Question: Do you see any patterns with how the example elementary matrices look?

\[ \begin{aligned} \mathbf{E_1} = \begin{pmatrix} 0 & 1 & 0 \\ 1 & 0 & 0 \\ 0 & 0 & 1 \end{pmatrix} && \mathbf{E_2} = \begin{pmatrix} 1 & 0 & 0 \\ 0 & 1 & 0 \\ 2 & 0 & 1 \end{pmatrix} && \mathbf{E_3} = \begin{pmatrix} 1 & 0 & 0 \\ 0 & 3 & 0 \\ 0 & 0 & 1 \end{pmatrix} \end{aligned} \]

The elementary matrices look like the identity matrix \(\mathbf{I}\) with an elementary row operation applied to \(\mathbf{I}\). In fact, this leads us to this general fact:

Fact: If an elementary row matrix is applied to the \(m \times n\) matrix \(\mathbf{A}\), the result of this elementary row operation applied to \(\mathbf{A}\) can be written as \(\mathbf{E} \mathbf{A}\) where \(\mathbf{E}\) is the \(m \times m\) identity matrix \(\mathbf{I}\) with the respective elementary row operation applied to \(\mathbf{I}\).

Fact: Each elementary matrix \(\mathbf{E}\) is invertible

Example 9.5 In class

The next theorem is quite important as the result gives an algorithm for calculating the inverse of a \(n \times n\) matrix \(\mathbf{A}\) which also makes it possible to solve matrix equations \(\mathbf{A}\mathbf{x} = \mathbf{b}\)

Theorem 9.4 If an \(n \times n\) matrix \(\mathbf{A}\) is invertible, then \(\mathbf{A}\) is row-equivalent to \(\mathbf{I}\) (\(\mathbf{A} \sim \mathbf{I}\); row-equivalent means \(\mathbf{A}\) can be reduced to \(\mathbf{I}\) using elementary row operations).
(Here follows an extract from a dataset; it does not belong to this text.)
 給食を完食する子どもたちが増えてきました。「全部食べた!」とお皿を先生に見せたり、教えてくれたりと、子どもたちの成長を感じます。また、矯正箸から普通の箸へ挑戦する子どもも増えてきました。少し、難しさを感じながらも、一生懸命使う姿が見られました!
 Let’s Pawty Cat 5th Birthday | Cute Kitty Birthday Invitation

The row-equivalency implies that there is a series of elementary row operations (e.g., elementary matrices \(\mathbf{E}_1, \ldots, \mathbf{E}_k\)) that converts \(\mathbf{A}\) to \(\mathbf{I}\). In addition, the application of these row matrices to \(\mathbf{I}\) transforms \(\mathbf{I}\) to the matrix inverse \(\mathbf{A}^{-1}\).

Proof: in class

9.2 Finding the inverse of \(\mathbf{A}\)
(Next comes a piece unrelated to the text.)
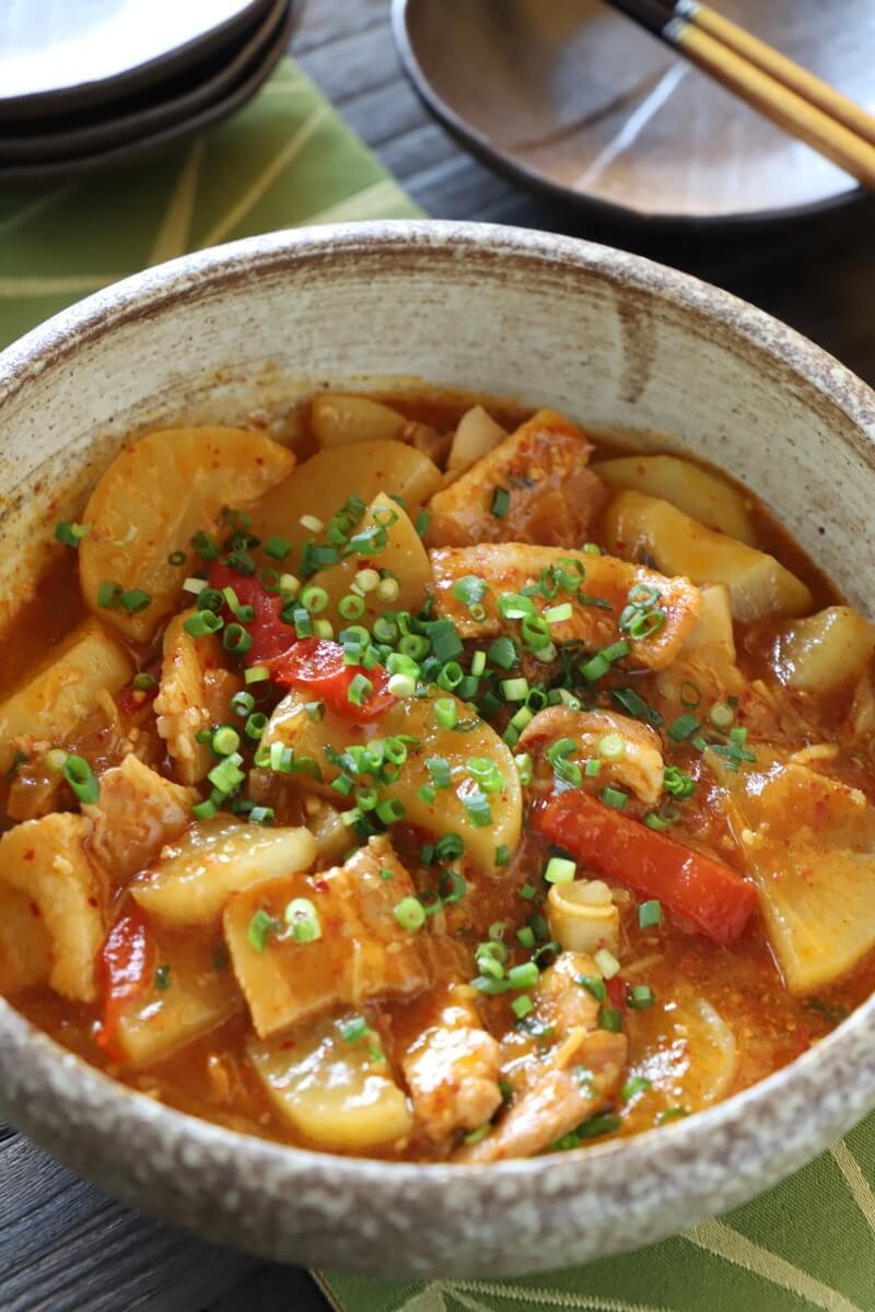 大根も入れ、大根がやわらかくなるまで、中火で15分ほど煮込む。大根がやわらかくなったら、水溶き片栗粉を回し入れとろみをつける。

The previous theorem states that for a \(n \times n\) invertible matrix \(\mathbf{A}\), the elementary row operations that covert \(\mathbf{A}\) to \(\mathbf{I}\) also convert \(\mathbf{I}\) to \(\mathbf{A}^{-1}\). This suggests an algorithm for finding the inverse \(\mathbf{A}^{-1}\) of \(\mathbf{A}\):

Create the augmented matrix \(\begin{pmatrix} \mathbf{A} & \mathbf{I} \end{pmatrix}\) and row reduce the augmented matrix. If the row-reduced augmented matrix is of the form \(\begin{pmatrix} \mathbf{I} & \mathbf{A}^{-1} \end{pmatrix}\) then \(\mathbf{A}^{-1}\) is the inverse of \(\mathbf{A}\). If the leading matrix in the augmented matrix is not the identity matrix \(\mathbf{I}\), then \(\mathbf{A}\) is not row equivalent to \(\mathbf{I}\) and is therefore not invertible.

Example 9.6 Let \(\mathbf{A} = \begin{pmatrix} -3 & -3 & -4 \\ -4 & 2 & -4 \\ 4 & -4 & 4 \end{pmatrix}\). Does \(\mathbf{A}\) have an inverse, and if so, what is it?

Using R

9.3 The Invertible Matrix Theorem

Theorem 9.5 (The Invertible Matrix Theorem) Let \(\mathbf{A}\) be an \(n \times n\) matrix. Then the following statements are equivalent (i.e., they are all either simultaneously true or false).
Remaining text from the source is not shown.